• [Provided information]:
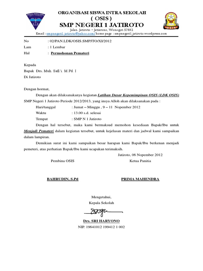 Contoh surat permohonan pemateri. Permohonan menjadi pemateri 1 program kepala sekolah 1 sk benar benar siswa 1. Dan contoh pertama adalah surat permohonan menjadi pemateri dalam sebuah acara. Demikian surat permohonan kami atas perhatian dan terkabulnya permohonan ini kami sampaikan terimakasih. Surat ini dibuat oleh panitia acara kegiatan even organizer pesantren kilat pada bulan ramadhan dan isinya adalah permohonan yang ditujukan kepada seorang ustadz supaya beliau berkenan menjadi pemateri pengisi materi pada program yang telah dibuat. Agar lebih jelasnya berikut ini terdapat contoh surat undangan untuk menjadi pembicara dalam acara motivasi. Kegiatan organisasi kampus eksternal kampus maupun instansi pemerintahan formal dan non formal untuk membaca artikel selengkapnya dengan klik link di atas.
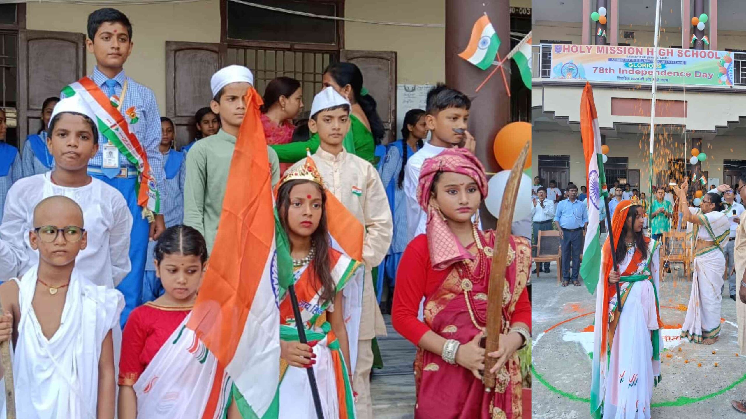 समस्तीपुर :- होली मिशन हाई स्कूल के मोहनपुर, काशीपुर, सतमलपुर एवं दलसिंहसराय की शाखा में विद्यालय की सह-संस्थापिका विभा देवी के द्वारा ध्वजारोहण किया गया। ध्वजारोहण करते हुए उन्होंनें भारत के 78वाँ स्वतंत्रता दिवस समारोह की महत्ता को प्रकाशित की। झंडोतोलन के समय विद्यालय का विशाल प्रांगण कतारबद्ध तिरंगा लिए खड़े बच्चे-बच्चियों से सुसज्जित रहा। गार्ड आफ आनर र के साथ सह-संस्थापिका का ध्वजारोहण हेतु स्वागत विभिन्न हाउसों के परिधान (टेरेसा हाउस, राजेन्दे्र हाउस, दिनकर हाउस एवं कलाम हाउस) में सजे छात्र-छात्राओं द्वारा किया गया।
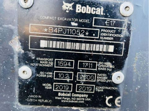 BOBCAT E17 TRACKED EXCAVATOR * YEAR 2019 , 2520 HOURS * C/W QUICK HITCH
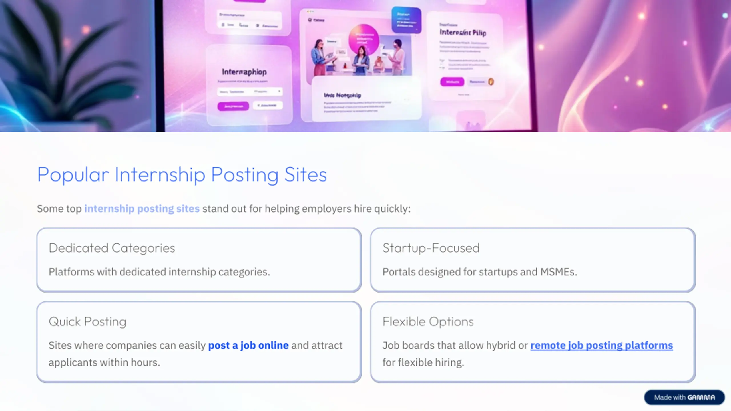 Popular Internship Posting Sites Some top internship posting sites stand out for helping employers hire quickly: Dedicated Categories Startup-Focused Platforms with dedicated internship categories. Portals designed for startups and MSMEs. Quick Posting Flexible Options Sites where companies can easily post a job online and attract applicants within hours. Job boards that allow hybrid or remote job posting platforms for flexible hiring. preencoded.png
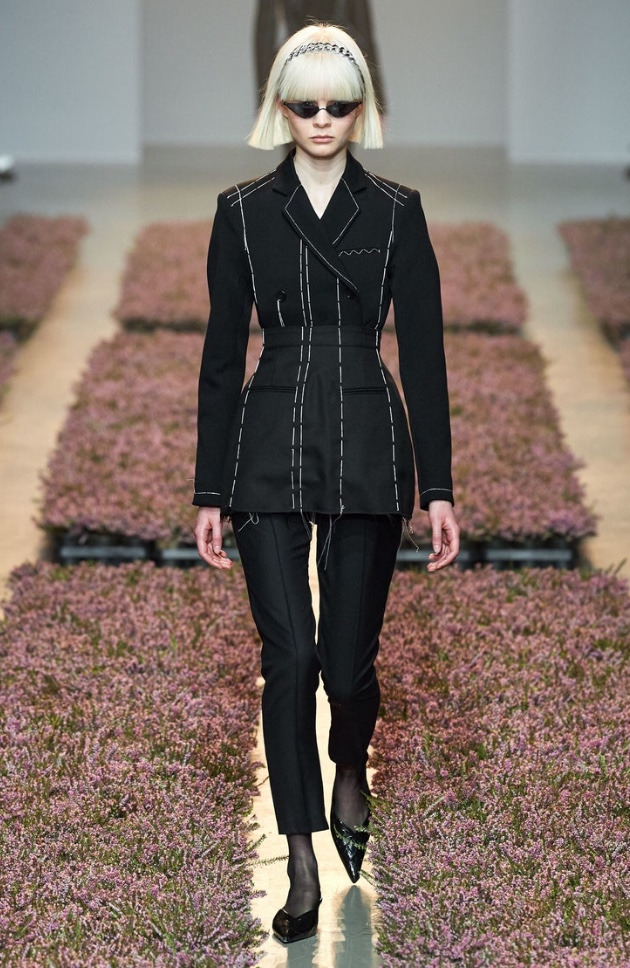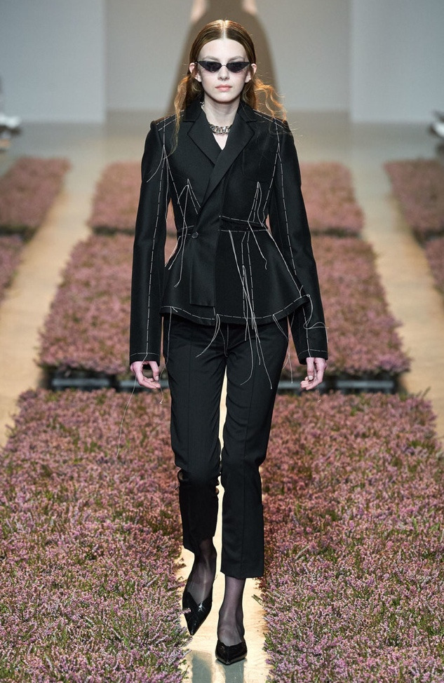 이번 쇼에서 스티치 디테일은 마르지엘라를 떠오르게 하지만 그의 해체는 과감하며 해체된 옷은 입고 싶게끔 디자인되었다.
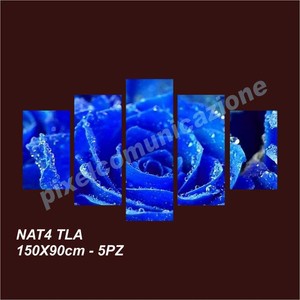 Dettagli Su Quadro Moderno Tela 5 Pz 150x90 Arredo Casa Rosa Blu Fiori Flowers Rugiada
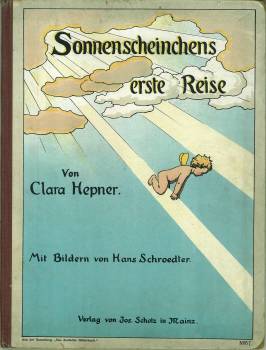 Sonnenscheinchens erste Reise. Bildschmuck von Hans Schroedter. Mainz, Jos. Scholz, o. J. [1915]. 4°. o. Pag. [8 Bll.]. OHlwd., Abbildung. EA. - Aus der Sammlung "Das Deutsche Bilderbuch", No. 67. - Ecken berieben, leicht fleckig, leichte Gbrsp.
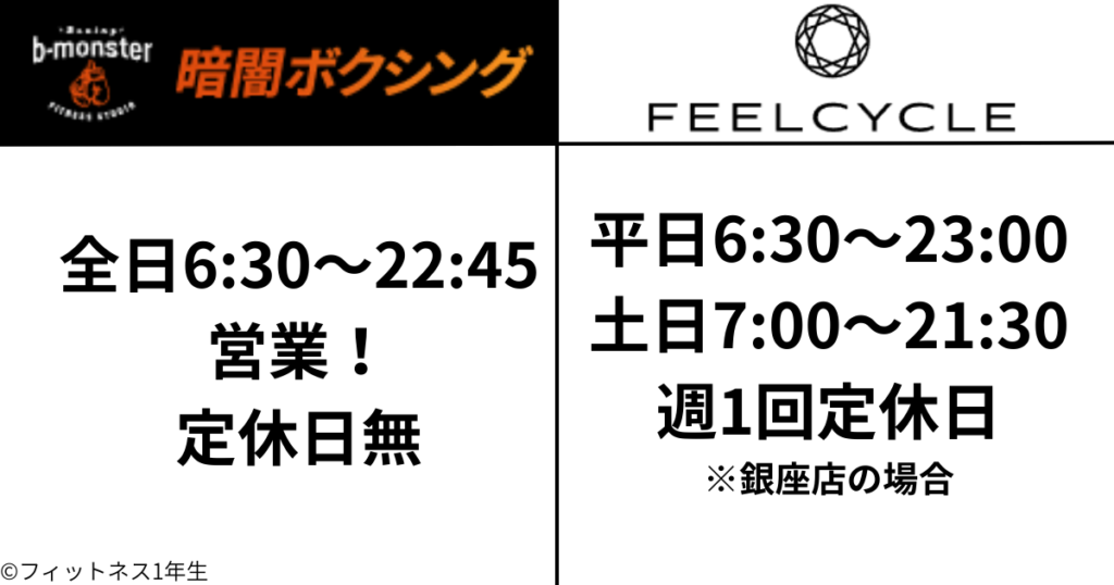 FEELCYCLEは店舗によって営業時間・定休日が異なる場合があるため、比較軸を揃えるために銀座スタジオ同士を比較しました。

• [Assignment]:
All of the data, minus its pictures, should be repeated exactly.

• [Answer box]:
 Contoh surat permohonan pemateri. Permohonan menjadi pemateri 1 program kepala sekolah 1 sk benar benar siswa 1. Dan contoh pertama adalah surat permohonan menjadi pemateri dalam sebuah acara. Demikian surat permohonan kami atas perhatian dan terkabulnya permohonan ini kami sampaikan terimakasih. Surat ini dibuat oleh panitia acara kegiatan even organizer pesantren kilat pada bulan ramadhan dan isinya adalah permohonan yang ditujukan kepada seorang ustadz supaya beliau berkenan menjadi pemateri pengisi materi pada program yang telah dibuat. Agar lebih jelasnya berikut ini terdapat contoh surat undangan untuk menjadi pembicara dalam acara motivasi. Kegiatan organisasi kampus eksternal kampus maupun instansi pemerintahan formal dan non formal untuk membaca artikel selengkapnya dengan klik link di atas.
 समस्तीपुर :- होली मिशन हाई स्कूल के मोहनपुर, काशीपुर, सतमलपुर एवं दलसिंहसराय की शाखा में विद्यालय की सह-संस्थापिका विभा देवी के द्वारा ध्वजारोहण किया गया। ध्वजारोहण करते हुए उन्होंनें भारत के 78वाँ स्वतंत्रता दिवस समारोह की महत्ता को प्रकाशित की। झंडोतोलन के समय विद्यालय का विशाल प्रांगण कतारबद्ध तिरंगा लिए खड़े बच्चे-बच्चियों से सुसज्जित रहा। गार्ड आफ आनर र के साथ सह-संस्थापिका का ध्वजारोहण हेतु स्वागत विभिन्न हाउसों के परिधान (टेरेसा हाउस, राजेन्दे्र हाउस, दिनकर हाउस एवं कलाम हाउस) में सजे छात्र-छात्राओं द्वारा किया गया।
 BOBCAT E17 TRACKED EXCAVATOR * YEAR 2019 , 2520 HOURS * C/W QUICK HITCH
 Popular Internship Posting Sites Some top internship posting sites stand out for helping employers hire quickly: Dedicated Categories Startup-Focused Platforms with dedicated internship categories. Portals designed for startups and MSMEs. Quick Posting Flexible Options Sites where companies can easily post a job online and attract applicants within hours. Job boards that allow hybrid or remote job posting platforms for flexible hiring. preencoded.png
 이번 쇼에서 스티치 디테일은 마르지엘라를 떠오르게 하지만 그의 해체는 과감하며 해체된 옷은 입고 싶게끔 디자인되었다.
 Dettagli Su Quadro Moderno Tela 5 Pz 150x90 Arredo Casa Rosa Blu Fiori Flowers Rugiada
 Sonnenscheinchens erste Reise. Bildschmuck von Hans Schroedter. Mainz, Jos. Scholz, o. J. [1915]. 4°. o. Pag. [8 Bll.]. OHlwd., Abbildung. EA. - Aus der Sammlung "Das Deutsche Bilderbuch", No. 67. - Ecken berieben, leicht fleckig, leichte Gbrsp.
 FEELCYCLEは店舗によって営業時間・定休日が異なる場合があるため、比較軸を揃えるために銀座スタジオ同士を比較しました。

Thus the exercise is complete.